Restate each record below word for word, skipping images.
-- RECORDS TO PROCESS follows --
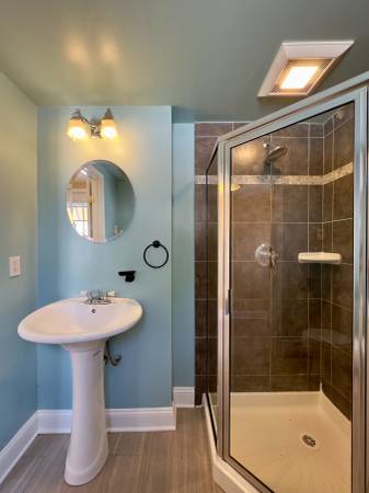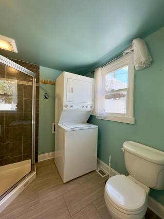 The second bedroom also features wood flooring, windows for natural light, a ceiling fan, and neutral finishes that complement various design preferences. The second bathroom includes an enclosed walk-in shower, washer and dryer, tiled flooring, a vanity mirror, and great airflow thanks to the window.
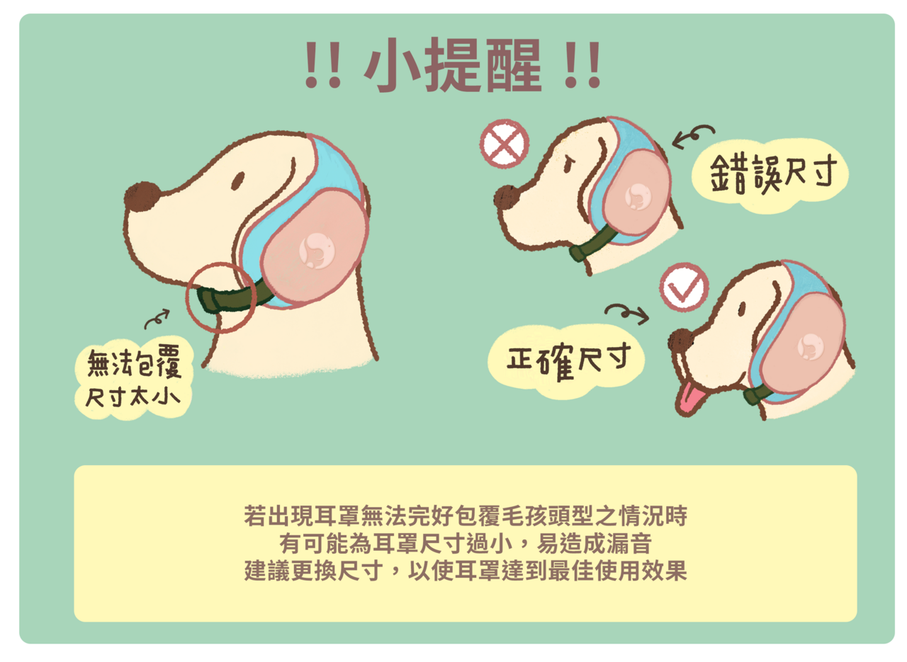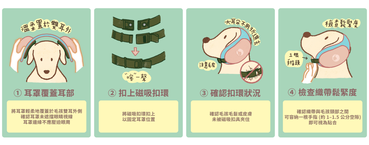 ● 若毛孩出現明顯不適、強烈抗拒、呼吸異常、持續抓咬耳罩或皮膚紅腫等情況,請立即停止使用並取下。
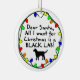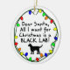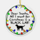 Dear Santa, All I want for Christmas is a Black Lab! Fun holiday dog lover design is ringed in a strand of colorful Xmas lights, and a small drawing of the dog breed by a child. Extremely cute, perfect to include your favorite Labrador Retriever in the holiday season.
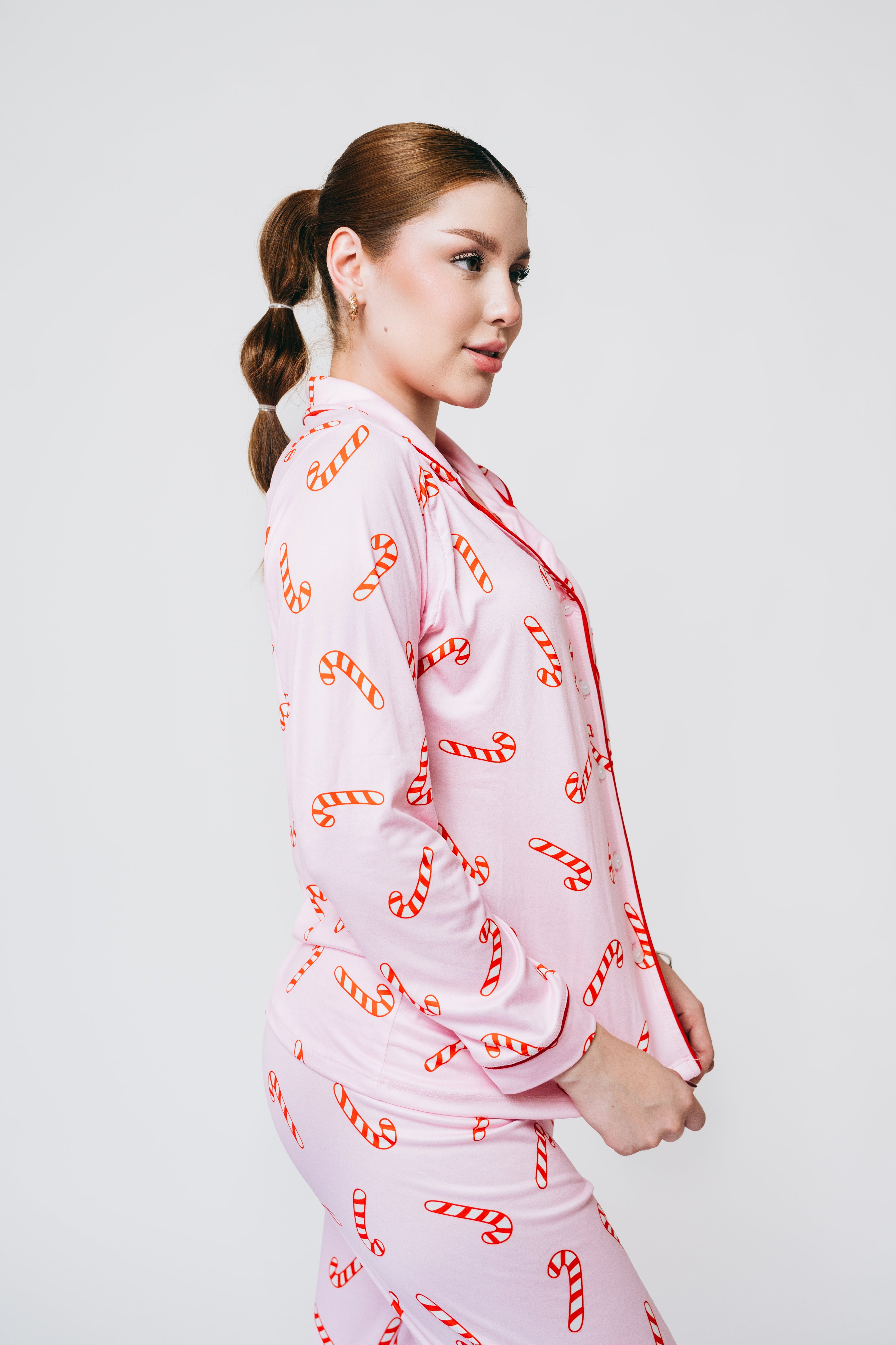 Conjunto de pijama edición navidad caremelos rosa para dama.
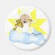 Un petit ange sucré est assis sur un nuage avec du peluche et du bétail. Ajoutez un nom/une date à personnaliser.
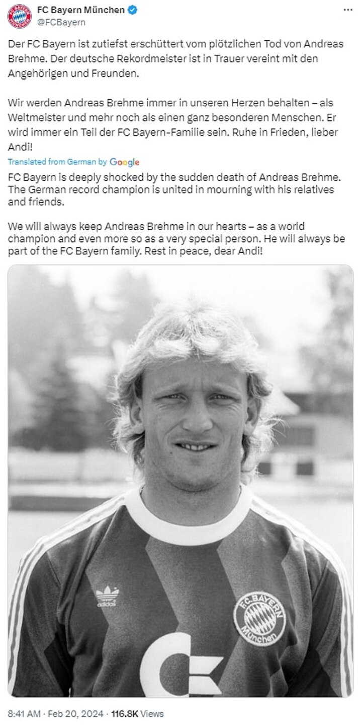 'Andreas Brehme will forever be in our hearts, as a World Cup winner and, more importantly, as a very special person. He will forever be part of the FC Bayern family. Rest in peace, Andi!'
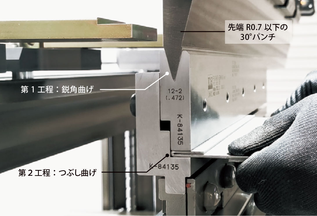 ダブルデッキ構造ならではの鋭角曲げとつぶし曲げの連続加工が、金型交換なしで行えます。
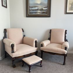 RARE! 1800’s Antique “Early Victorian” - Lion Head Armchairs (Pair) + Ottoman | Hand-Carved Solid Mahogany Wood (Set) — $2,200$2,200Phoenix, AZ
-- RECORDS TO PROCESS concluded --
» **TASK OUTPUT**:
 The second bedroom also features wood flooring, windows for natural light, a ceiling fan, and neutral finishes that complement various design preferences. The second bathroom includes an enclosed walk-in shower, washer and dryer, tiled flooring, a vanity mirror, and great airflow thanks to the window.
 ● 若毛孩出現明顯不適、強烈抗拒、呼吸異常、持續抓咬耳罩或皮膚紅腫等情況,請立即停止使用並取下。
 Dear Santa, All I want for Christmas is a Black Lab! Fun holiday dog lover design is ringed in a strand of colorful Xmas lights, and a small drawing of the dog breed by a child. Extremely cute, perfect to include your favorite Labrador Retriever in the holiday season.
 Conjunto de pijama edición navidad caremelos rosa para dama.
 Un petit ange sucré est assis sur un nuage avec du peluche et du bétail. Ajoutez un nom/une date à personnaliser.
 'Andreas Brehme will forever be in our hearts, as a World Cup winner and, more importantly, as a very special person. He will forever be part of the FC Bayern family. Rest in peace, Andi!'
 ダブルデッキ構造ならではの鋭角曲げとつぶし曲げの連続加工が、金型交換なしで行えます。
 RARE! 1800’s Antique “Early Victorian” - Lion Head Armchairs (Pair) + Ottoman | Hand-Carved Solid Mahogany Wood (Set) — $2,200$2,200Phoenix, AZ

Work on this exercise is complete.